Robbins Raises Rates
The Robbins town commissioners sharply increased water and sewer rates Thursday night, and may raise them again.
In what was described as "the first of a two-phased rate increase," the board raised the town's lowest base price for water from $13 to $17 -- a hike of more than 30 percent. They raised the lowest base sewer rate from $12 to $18 a month, a 50 percent boost.
Those rates are for in-town customers, and don't include use charges, which went up from $2.98 per thousand gallons of water to $3.73, while sewer charges were boosted from $4.08 per thousand gallons to $5.10.
Out-of-town customers pay double the in-town rates, and the cost per thousand gallons increases after 3,000 gallons and again after 6,000 gallons per month.
Typical monthly usage runs 1,980 gallons, so the monthly bill for in-town customers will go up about 32 percent, and 40 percent for out-of-town, according to Town Manager Brant Sikes.
Robbins had no choice but to raise rates. At a communitywide meeting, Sikes has estimated that a 50 percent increase would probably be needed to get the water/sewer budget into the black. It has been running at a loss for so long that the town is in danger of losing control to the state.

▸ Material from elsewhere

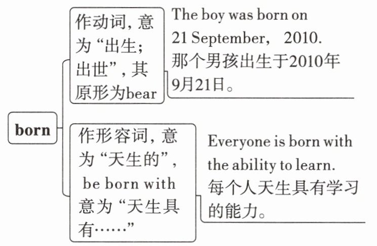 A --> C[作形容词,意为“天生的”,be born with意为“天生具有……”]
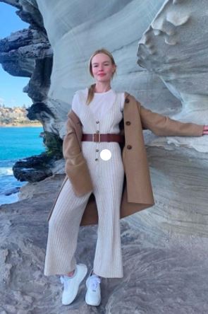 Un Jumpsuit o mono de canalé, maxicinturón en la cintura y abrigo camel estilo parisino. ¿El toque de distinción que en lugar de desplazar hace que todo sea muy original? Tenis de plataforma que permiten tener comodidad sin perder el estilo.

Sikes hopes that a water-use study being done with the help of Jean Crews-Kline won't call for a further increase -- but the town is preparing for one just in case.
Robbins recently received a $400,000 grant that requires only a 10.1 percent match. The money has to be spent on improvements, and one of the first will be replacing half the town's water meters.
Nearly half the town's water is lost in its antiquated system, Sikes has found -- some because of leaks and some because of defective meters, as well as illegal taps. Replacing meters usually turns up a few that are not reading at all, Sikes said.
"We will replace half our meters," Sikes said. "We will install either an altitude valve or a pressure regulating valve on our south tank, and fix leaks on our Oak Street line."
At present, water in the south tank is not moved quickly enough through the system. It loses its chlorination, goes stale and has to be dumped frequently.
The grant will go a long way toward alleviating many problems caused by old, out-of-date equipment and service lines, and by the fact that Robbins just does not use the large amount of water its system was designed to provide for several industries that required large quantities of water.
When those industries shut down, the town was left with too much capacity and too few customers to keep its water moving and fresh.
In other business, the board began the process of changing two sections of town ordinances. One change would put place limits on weeds, grass and refuse. The other would extend hours during which a game room may operate on Sundays, or abolish the game room ordinance and treat them like any other business.
Both will be considered at a second meeting later this month.
Brian Allen's application for a license to operate a game room at 141 S. Middleton St. was approved as part of the consent agenda (where items are approved with one motion) and will have to operate under present rules until that section is changed or repealed.
The board will begin the process of changing zoning for property that had been zoned RA (residential/agricultural) even though it had always been used for business. The change could be made at the next meeting.
The commissioners also took the first steps in forming an advisory panel on the $50,000 microloan program funded by a STEP grant from the Rural Center. The panel will propose candidates for small loans to entrepreneurs to the town board for approval.
A special meeting to consider a budget for the next fiscal year will be called later in May.
Sikes is interviewing candidates for the half-time job as marketing director (funded by STEP) and will begin a search for an assistant town manager. That position was approved as part of the consent agenda.